Here’s what the file *should* have looked like.  Comparing this with the first screenshot above, any PHP expert could have figured this out right away.  In what LOOKED LIKE a massive block of comments, actual useful stuff resided.  Especially the line below about “wp_” and the second error code above that the function wp() was undefined.  Nice confirmation.

How did this happen?

So, to allay some of the pain, I looked at each file with a hex editor.  Turns out all CR-LF (carriage return-line feed, or 0×0D 0×0A) had been stripped from the file.  However, if  a lone LF occurred (like at the top of the file that looks kinda normal), it was left alone.  Some “text” editors perform this wondrous operation on save, leaving you with a blob of ASCII (as shown at the bottom of the original file, as Penguin Pete describes nicely.  Microsoft’s Notepad does this nastiness.
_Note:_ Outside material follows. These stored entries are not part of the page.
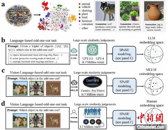 在本项研究中,研究团队从认知神经科学经典理论出发,设计出一套融合计算建模、行为实验与脑科学的创新范式。他们采用认知心理学经典的“三选一异类识别任务”,要求大模型与人类从物体概念三元组(来自1854种日常概念的任意组合)中选出最不相似的选项。通过分析470万次行为判断数据,研究团队首次构建了人工智能大模型的“概念地图”。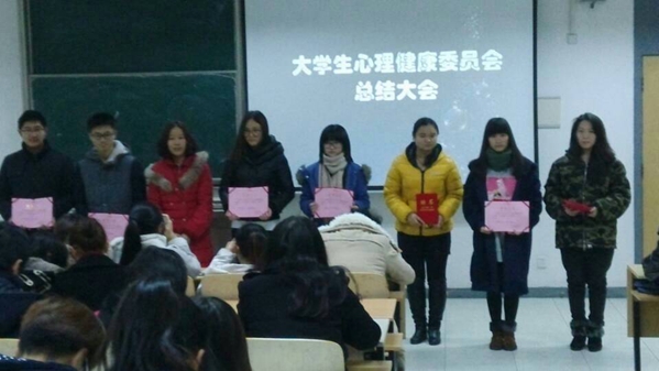 王琴老师对2014年度表现优秀的8名学生进行了表彰并颁发荣誉证书。对大学生心理健康委员会这一年的工作进行了总结。自5月份大学生心理健康委员会成立以来,开展了一系列丰富多彩的活动,尤其在苏南片心理中心举行的心理剧、征文等各类比赛中取得了优异的成绩,同学们在参加活动中得到的成长。王老师鼓励大家要有信心面对下学期的工作,在推行校园心理健康活动三级网路时要有创新和亮点,争取在明年的心理健康活动中取得更好的成绩,打造品牌专业。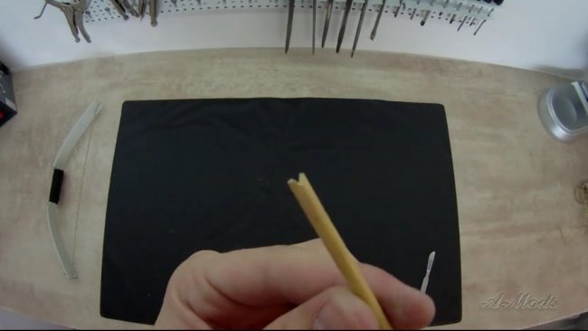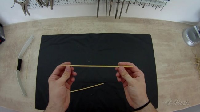 На шашлычных палочках делаем такие надрезы . И можно сделать направляющие из изоленты.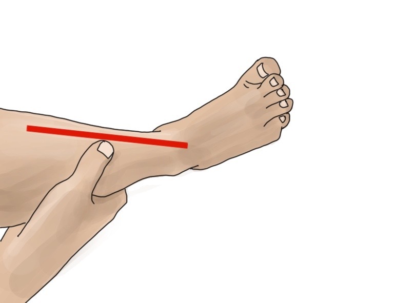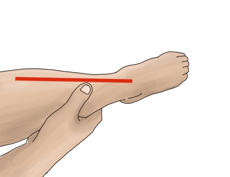 足首をそらした状態にして、膝下のすね外側を押さえます。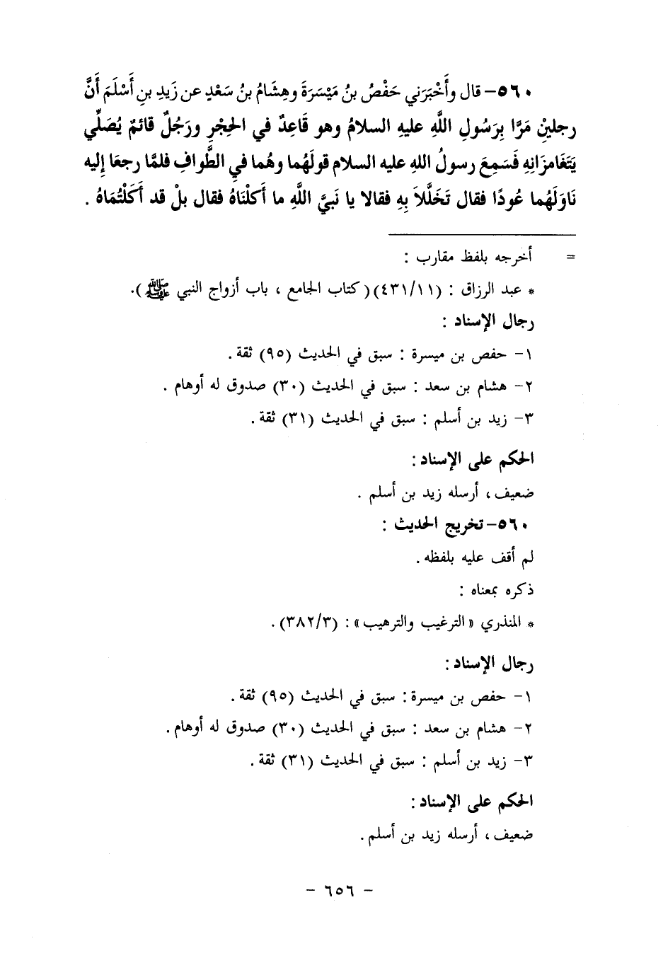 560 - وَأَخْبَرَنِي حَفْصُ بْنُ مَيْسَرَةَ، وَهِشَامُ بْنُ سَعْدٍ، عَنْ زَيْدِ بْنِ أَسْلَمَ، " أَنَّ رَجُلَيْنِ، مَرَّا بِرَسُولِ اللَّهِ عَلَيْهِ السَّلَامُ وَهُوَ قَاعِدٌ فِي الْحِجْرِ، وَرَجُلٌ قَائِمٌ يُصَلِّي يَتَغَامَزَانِهِ، فَسَمِعَ رَسُولُ اللَّهِ عَلَيْهِ السَّلَامُ قَوْلَهُمَا وَهُمَا فِي الطَّوَافِ، فَلَمَّا رَجَعَا إِلَيْهِ نَاوَلَهُمَا عُودًا فَقَالَ: «§تَخَلَّلَا بِهِ» ، فَقَالَا: يَا نَبِيَّ اللَّهِ، مَا أَكَلْنَاهُ، فَقَالَ: «بَلْ قَدْ أَكَلْتُمَاهُ»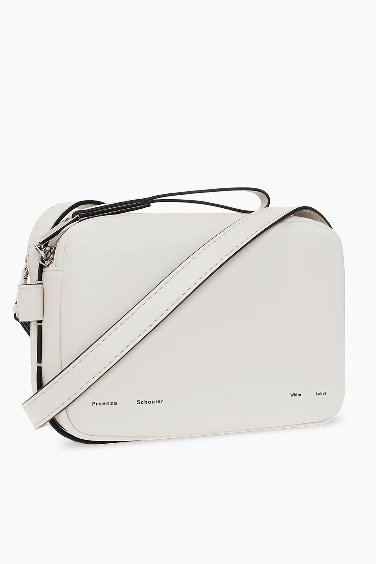Cream ‘Watts’ shoulder bag from Proenza Schouler White Label. Crafted from leather, this design features a zip fastening, a black logo print on the front, an adjustable shoulder strap, silver-tone metal hardware and an interior with two separate compartments – one has a slip pocket inside.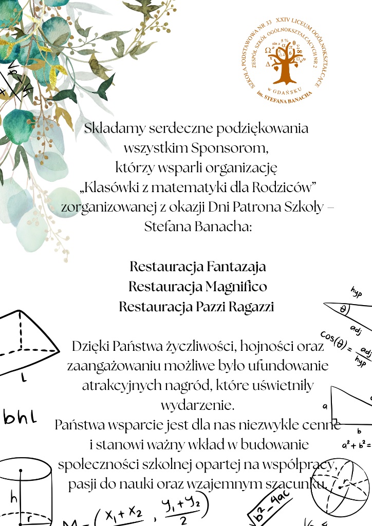Z okazji Święta Patrona Szkoły – Stefana Banacha – została zorganizowana Klasówka Matematyczna dla Rodziców. Cieszymy się, że wydarzenie spotkało się z dużym zainteresowaniem i zaangażowaniem ze strony Państwa. Takie inicjatywy są dla nas niezwykle ważne, ponieważ budują wspólnotę szkolną i promują wartość nauki.

Another cause is FTPing using text mode vs. binary mode.  Even if it’s text, use binary mode so it doesn’t make assumptions about the whole CR-LF issue when moving files between PC and UNIX based systems.  I always use binary.

How did this happen?  I tried both Network Solutions FTP program and my own (CoreFTP).  I can’t tell you if it was screwed up to begin with, but after that, it looked like a train wreck.

Testing the solution

Pretty obvious.  Try old file, no blog.  Try new file, blog.  Looks fixed to me.

But what about second hypothesis about multiple not-quite-duplicate directory entries for the blog?  Seems to be unrelated, but a little disaster of its own.  So now that we’ve eliminated one problem, I feel free to work on the other one since all else appears fine.

So what about the the dot-slashing? (added content)

The real bug fix was part of the first hypothesis.  But if you recall (as bradeyh does in his comment below), what dragged me over into the second hypothesis was a reference in index.php … not to “wp-config.php” but to “./wp-config.php”.  And because all other PHP files were referenced directly, my mind noticed the difference and misread “./” as “../”  The former means “current directory” and the latter means “parent directory.”

Okay, my bad.  But, it’s really double my bad, because I forgot to loop back around and re-ponder the whole directory structure hypothesis.  I should have asked myself … how could referencing a non-existent file in a parent directory be overcome by fixing a simple formatting error in the config file?

So bradeyh convinced me to finish the job.  The directory structure problem I (just found out) I have because I moved website directories is not related to either 1) the bug for this post or 2) my misreading dot-slash as dot-dot-slash.

Take home

I did this debugging “live”.  I woke up this morning, kinda bent that I’d wasted a couple hours chasing that particular hypothesis when I could have been out riding a horse or something.

But I did the right thing.  A majority of the time, debugging is collecting symptoms, looking for patterns, making educated guesses and testing hypotheses.  That’s what we did here.  Just because what appears logical wasn’t the bug, the effort wasn’t wasted.

AND - a hypothesis based on an invalid assumption isn’t necessarily terrible either.

Because as it always seems, finding one bug and chasing it often uncovers its friends.  And now I’ve discovered why my blog acts a little flaky and now I have solid data for another bug-fix project.